Saturday, July 27, 2024

In Strasbourg, France, Santa-capped teddy bears adorn a restaurant’s facade, while stuffed polar bears adorn another building. The central medieval quarter is turned into a Christmas maze, illuminated by curtains of lights above cobblestone lanes lined with food and gift stalls. In Place Kléber, lights on a nearly 100-foot-tall Christmas tree flash and glow, synchronized to carols. Christmas markets across Europe pop up like fairy-dusted street fairs, with temporary chalet-style shops selling everything from handmade ceramics to warmed wine and abundant food. Visitors shuffle among the merry warrens, holding their cellphone cameras high. River cruises on the Rhine, Danube, or Main, spending roughly $2,000 to $4,000 a week, are also a popular way to visit the markets in France, Germany, Switzerland, and beyond.
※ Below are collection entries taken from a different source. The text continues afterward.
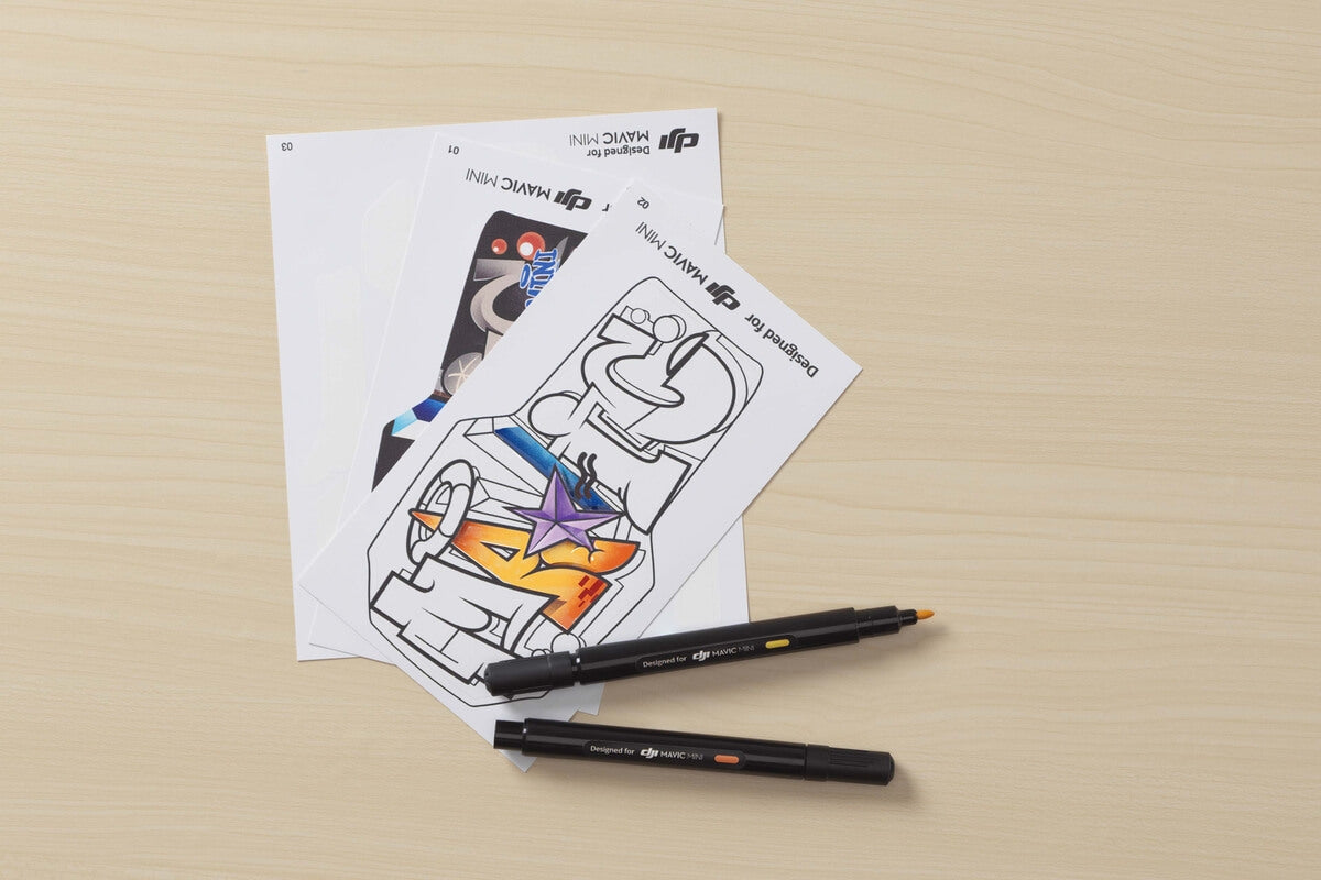 Includes blank shell stickers and colorful markers that allow users to personalize their Mavic Mini.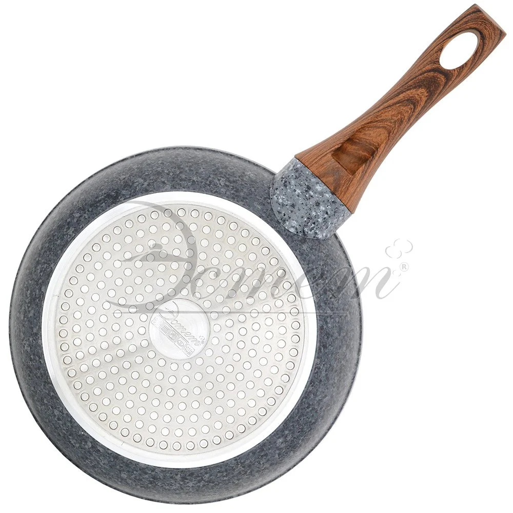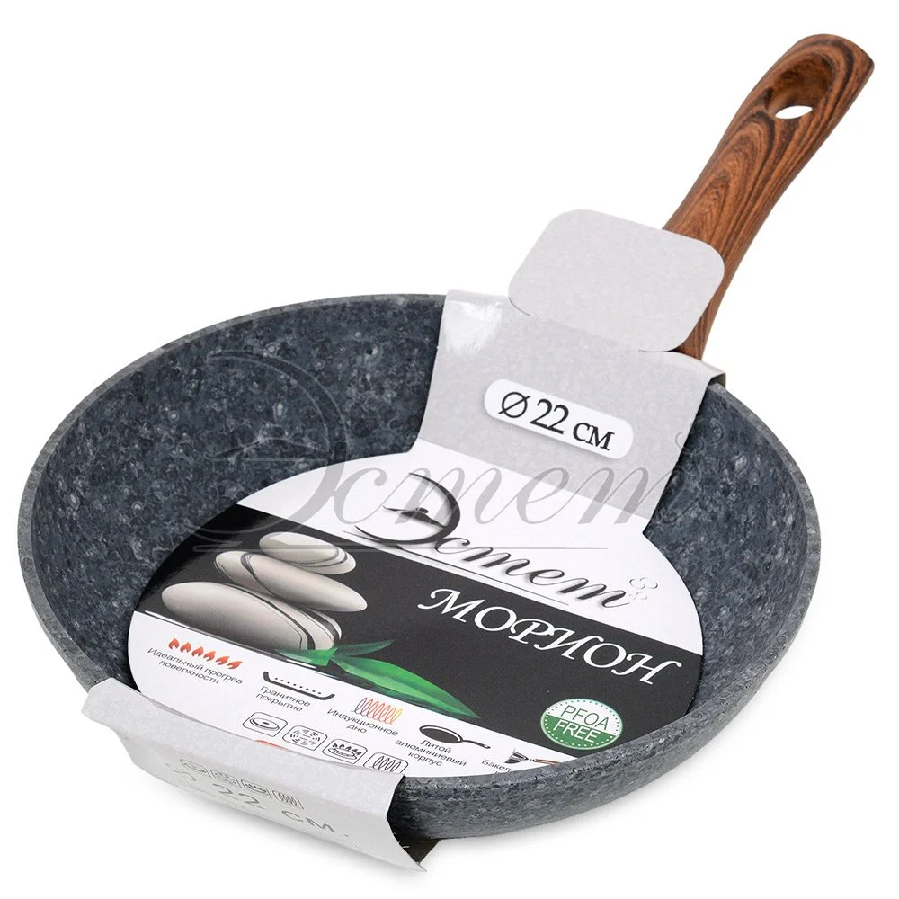 Сковорода ТМ «Эстет» создана, чтобы удовлетворить потребности самых взыскательных кулинаров и профессиональных шеф-поваров. Это результат сочетания современного дизайна, непревзойденного качества и использования передовых сертифицированных материалов. Сковорода изготовлена из литого алюминия с высококачественным антипригарным покрытием. Эргономичная ручка с покрытием «soft-touch» декорированная «под дерево» не нагревается в процессе приготовления пищи и не дает вашим рукам обжечься. Подходит для использования на всех типах плит, включая индукционные.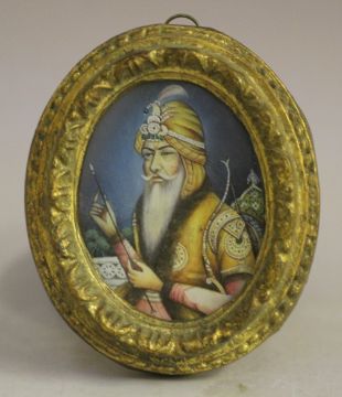 (XIX). Indian school, oval portrait miniature of a Sultan with bow and arrow, unsigned, mixed media on paper laid on card, framed and glazed, 8 x 6 cm, A/F
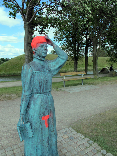 Under den gångna helgen har någon eller några roat sig med att färga håret och byta kön på Selma Lagerlöf- statyn längs med Linjen.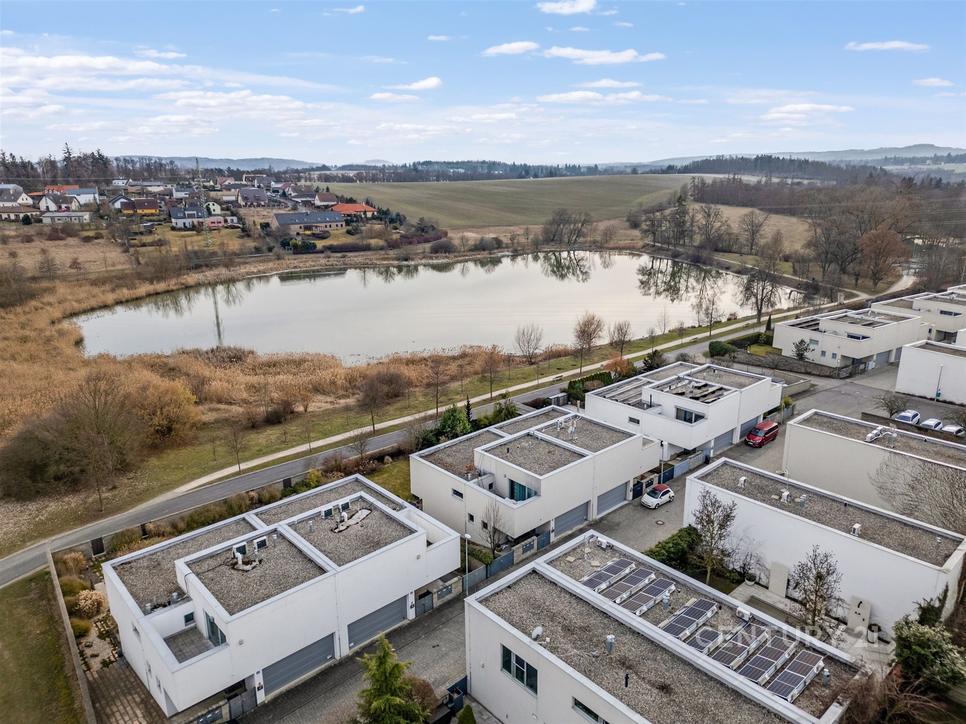 Moderní dům 5kk s dvougaráží v rodinném resortu Terasy Unhošť u rybníka, 30minut z centra Prahy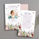 This is a whimsical and pretty memorial prayer card. The design features a beautiful calligraphy font and lovely flowers in pink and purple and also features delicate fluttering butterflies. This funeral prayer card can easily be personalized with your own photo to create a special tribute for your loved one using the template provided. Please contact the designer for any queries regarding this design or for any matching products.
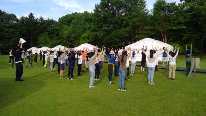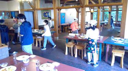 二日目の朝を迎えました。朝会時に、定番のラジオ体操をして、体を目覚めさせます。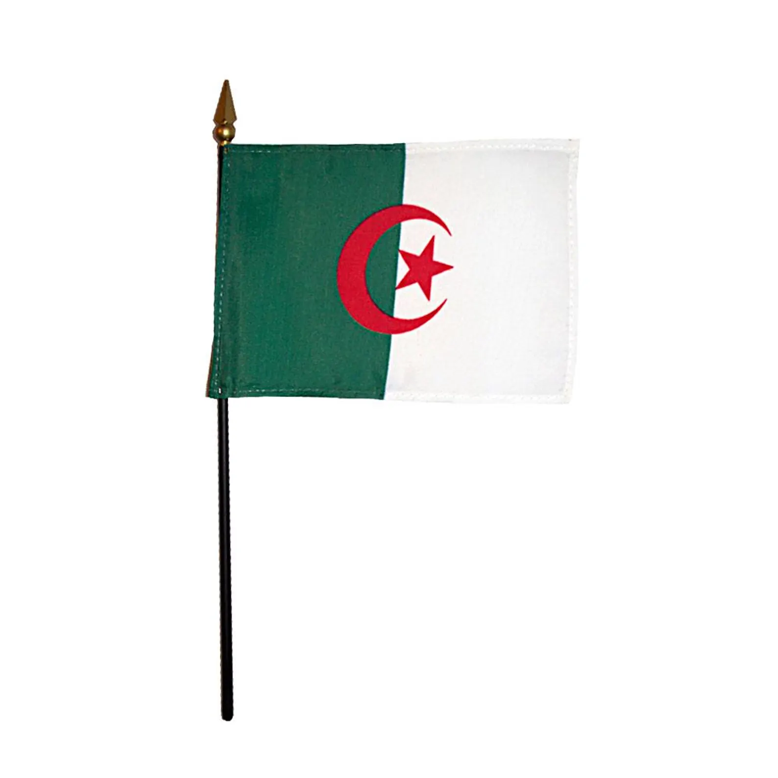 Crafted from lightweight yet durable polyester, the flag offers excellent color retention and movement, whether it’s standing on your office desk or being waved during national celebrations. The flag is securely mounted on a sturdy stick with an optional base, making it easy to display anywhere you want to add a touch of Algerian spirit.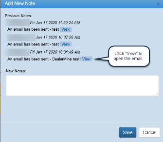 "An email has been sent - DealerMine test View" . Click on the View and the email selected will open. From the email screen users can view the email and Reply.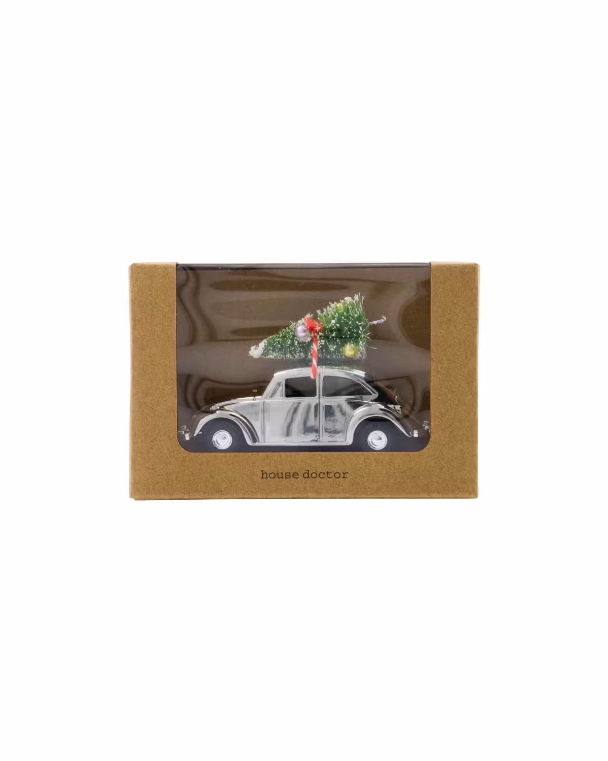 "Förgyll ditt julfirande med denna charmiga dekorativa bil i miniatyr. Den silverfärgade bilen har ett litet julträd med färgglada kulor på taket, vilket skapar en nostalgisk känsla av jultraditioner. Placera den på julbordet för att skapa en varm och inbjudande atmosfär.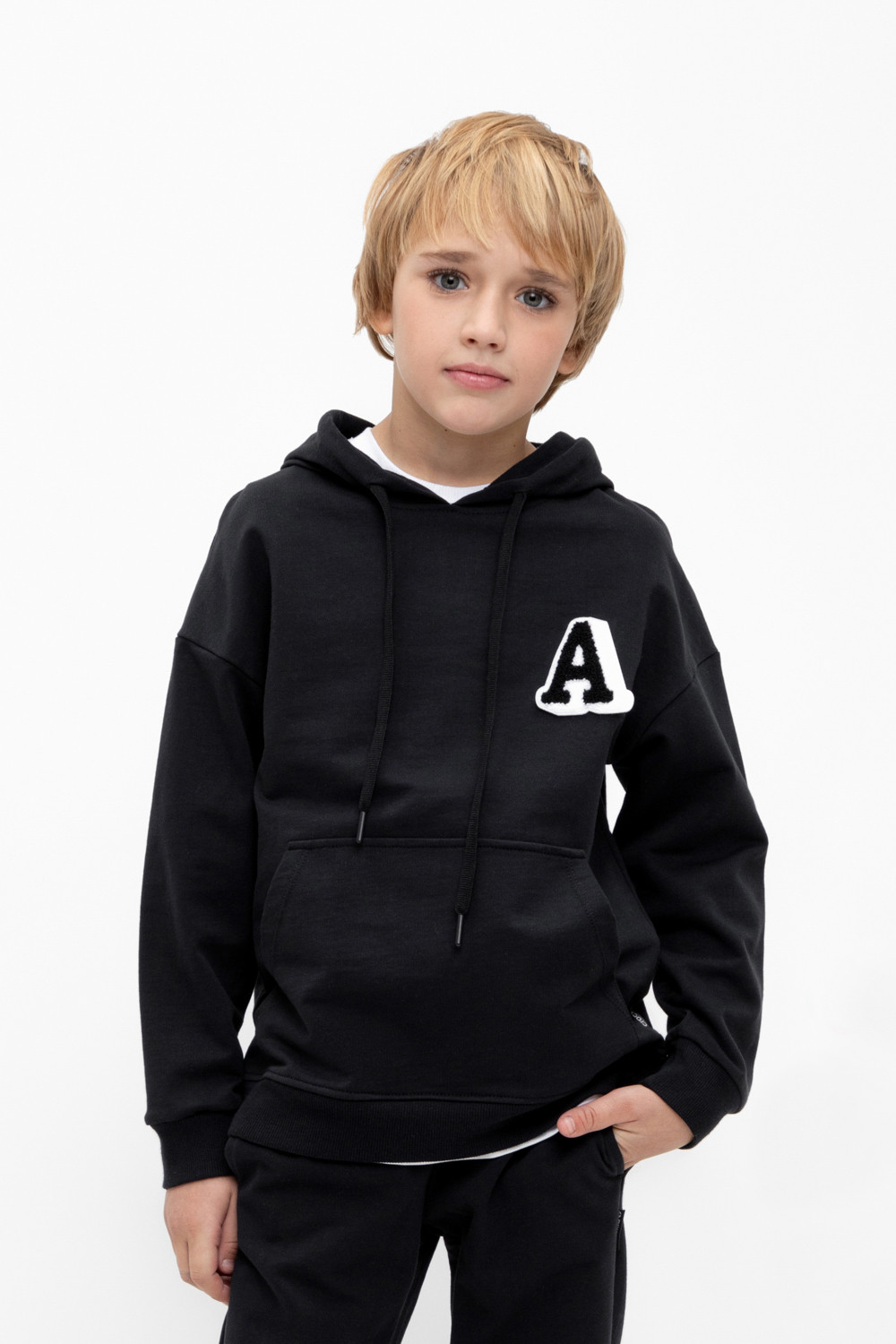 Худи с капюшоном для мальчика из петельчатого футера. Манжеты и пояс из эластичного трикотажа в рубчик. Спереди удобный карман-кенгуру.

Trains also provide access to market cities and towns along the Rhine, through the Alsace region of France. With train travel, it is possible to spend roughly $300 on trains, splitting six nights between lively Strasbourg and popular Colmar at Airbnbs that averaged $180 a night. The old town in Strasbourg hosts more than a dozen markets in plazas and pedestrian lanes, drawing two to three million visitors throughout the season. Visitors shuffle among the merry warrens, holding their cellphone cameras high and taking advantage of the food and gifts for sale. Craft villages also set the eco-conscious Marché Off apart. Basel offers less commercial markets, including a Christmas tree-filled Fairy Tale Forest, with craft activities such as gingerbread decorating and a children’s train. The markets in Colmar are known for their food stalls and their variety of museums. The Bartholdi Museum is devoted to native son Frédéric-Auguste Bartholdi, the sculptor of the Statue of Liberty. Over a few weekends in the heart of the market season, Christmas buses ply a course from Colmar to a series of villages on the Alsace Wine Route, including Riquewihr and Kaysersberg. Local trains also reach some of the more remote Christmas-circuit towns. When my train to Obernai was canceled at an intermediate station in Sélestat, I discovered its festival over the 50-minute delay, time to have a 1.50-euro pretzel and learn that the oldest written record of the Christmas tree was in Sélestat in 1521.